Ridge Regression is a technique that can be used for a lot of purposes. Here we’re going to use it here to address possible collinearity. The effect of colinearity in OLS models is that estimated parameters may be far from the true value. We still pick parameters that minimize the sum of each prediction error, but we also try to keep the sum of the square of all those parameter estimates small. Ridge regression lets you pick a hyperparameter, alpha, that changes the cost of these parameter estimates. When alpha = 0, then we are just doing an OLS regression.
In practice, the best way to pick alpha is to try different values and see which one results in the best performing model.
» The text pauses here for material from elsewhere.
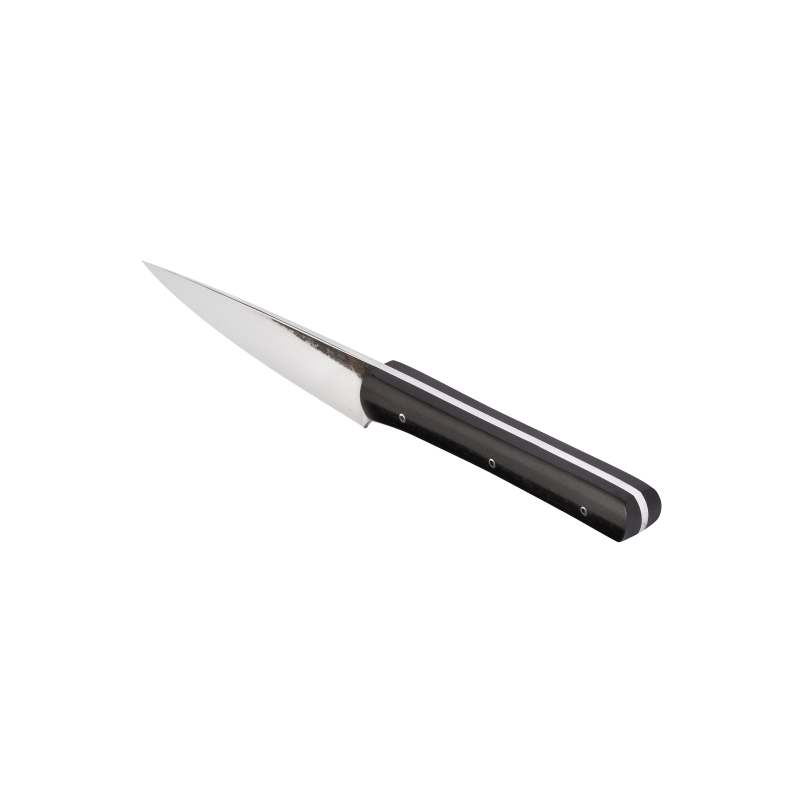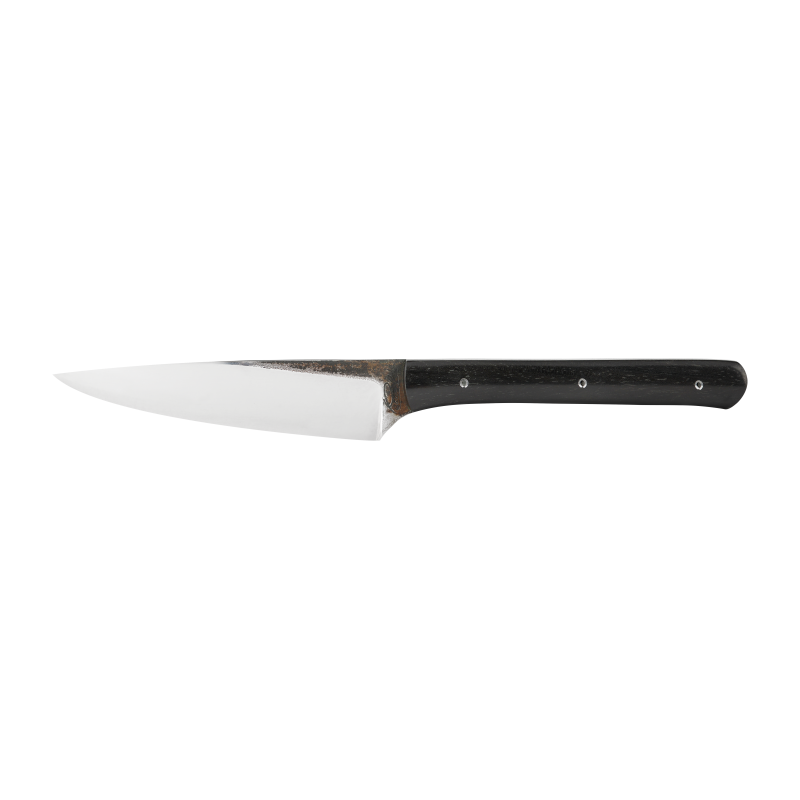 Couteau de cuisine acier carbone, longueur totale 18 centimètres, dimensions idéales pour tous les petits travaux de cuisine.  Les couteaux de cuisine sont en acier carbone, celui-ci va, avec le temps, s’oxyder. Il a l’avantage de s’affuter très facilement, ce qui permet d’avoir toujours un couteau prêt à rendre le meilleur service.  Ce couteau d’office servira à éplucher les légumes ou à effectuer tous les petits travaux de cuisine.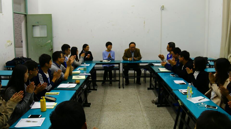 10月12日下午,在致高楼高A107教室,港航院党委胡忠华书记在院团委朱钰老师的陪同下与学生组织各部门负责人开展座谈。

Because RAPIDS is so fast, we’ll just search through 100 different values of alpha.
With our very simple parameter search, we see that the best performing model is a Ridge regression with Alpha = 0.1. There have been volumes written about hyperparameter tuning strategy, and I encourage you read more about it as you incorporate Ridge regressions into your work.
Now that we have the best model we think we can get, we can make predictions about how many bikes will be rented, based on some weather measurements and facts about the day.
We’ve seen how to do OLS and Ridge regressions using RAPIDS. In the next blog, we’ll discuss single variable Lasso regression, as well as multi-GPU OLS. See you next time!
¹ https://archive.ics.uci.edu/ml/datasets/bike+sharing+dataset, Fanaee-T, Hadi, and Gama, Joao, ‘Event labeling combining ensemble detectors and background knowledge’, Progress in Artificial Intelligence (2013): pp. 1–15
² Darwin, Francis (1887). The Life and Letters of Charles Darwin. New York: D. Appleton & Co.